CN114381418B - Fermentation medium for improving fermentation unit of apramycin and application of fermentation medium - Google Patents

Abstract

The invention discloses a fermentation medium and application thereof. The fermentation medium comprises: (1) 7% of a carbon source, which comprises one or more of glucose, maltosaccharin and corn flour in addition to soybean oil; (2) 5.5% of a nitrogen source selected from one or more of cold bean flour, peanut flour, dolphin peptone and yeast powder YP 600; and (3) 0.9-1.1% of an inorganic salt selected from one or more of ammonium chloride, magnesium sulfate, manganese chloride, zinc sulfate, ferrous sulfate and calcium carbonate; and the balance is water, wherein the percent is g/100mL of the mass volume percent of the fermentation medium.

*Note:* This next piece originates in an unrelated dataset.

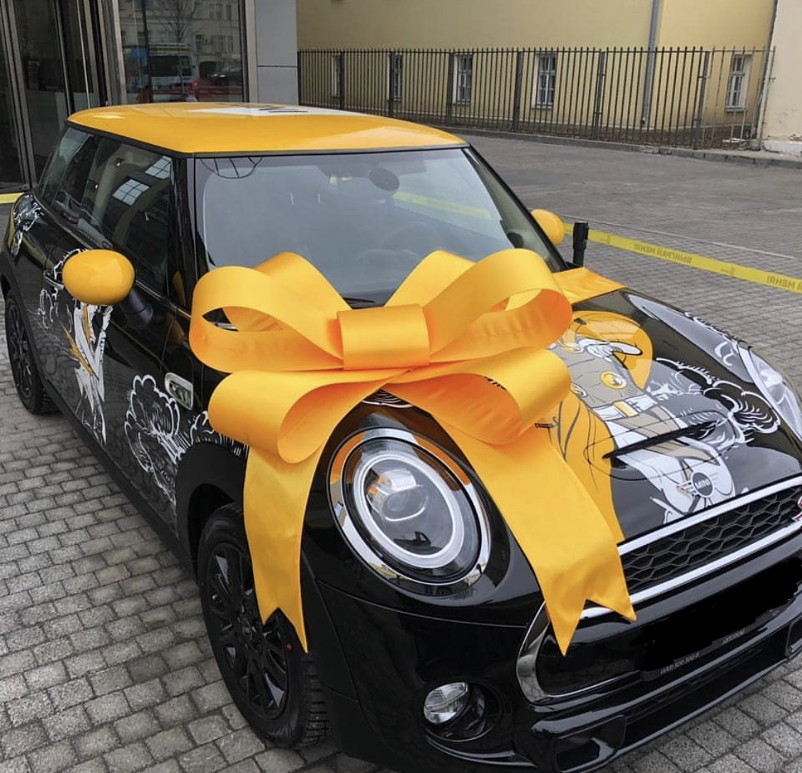 Представьте – торжественно украшенная машина, как подарок с бантом, роскошно венчающим крышу авто. Есть от чего ахнуть, и сам сюрприз, и столь изящный способ его оформления действительно вызывают wow-эффект. Купить подарочный бант на машину у нас можно быстро и по разумной цене. Для этого достаточно выбрать, какого цвета вы желаете приобрести подарочный бант на автомобиль, и вариант декора.

The fermentation medium can improve the fermentation unit of the apramycin, and improves the fermentation unit from 5.3g/L to at least 6.25g/L in the prior art by 18 percent.

Description

Fermentation medium for improving fermentation unit of apramycin and application of fermentation medium

Technical Field

The invention belongs to the technical field of industrial microorganisms, and relates to a fermentation medium for improving an apramycin fermentation unit and application thereof.

Background

The method for improving the apramycin is widely applied broad-spectrum antibiotics, and the current method for improving the apramycin mainly carries out genetic engineering transformation of strains and strain breeding, but the effect is not obvious.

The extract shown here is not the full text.